- Exercise directions -
Skip the images and print the listing exactly.

- Provided material -
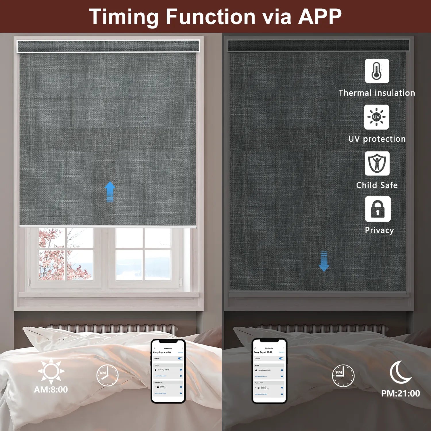 • Voice control of any roller shade and group
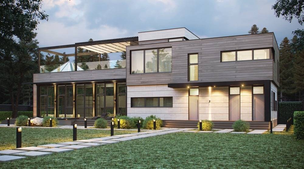 Облицовочные панели, независимо от состава, имеют внешний вид, с изумительной точностью имитирующую натуральную древесину (сосну, дуб, лиственницу или кедр). С помощью такой облицовки вы можете декорировать дом в любом выбранном стиле — классическом, модерн, прованс или фахверк. Фасад дома под дерево характеризуется следующими особенностями:
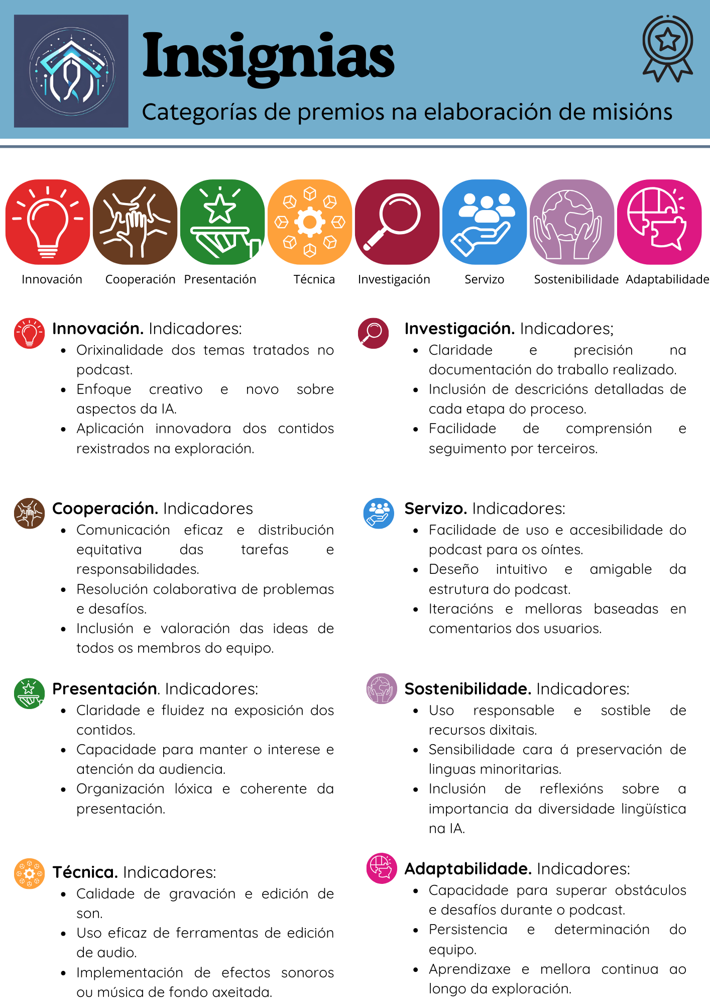 Unha vez rematada a elaboración do traballo é o momento de asignar as insignias acadadas no desempeño da vosa misión.

- Output for this task -
 • Voice control of any roller shade and group
 Облицовочные панели, независимо от состава, имеют внешний вид, с изумительной точностью имитирующую натуральную древесину (сосну, дуб, лиственницу или кедр). С помощью такой облицовки вы можете декорировать дом в любом выбранном стиле — классическом, модерн, прованс или фахверк. Фасад дома под дерево характеризуется следующими особенностями:
 Unha vez rematada a elaboración do traballo é o momento de asignar as insignias acadadas no desempeño da vosa misión.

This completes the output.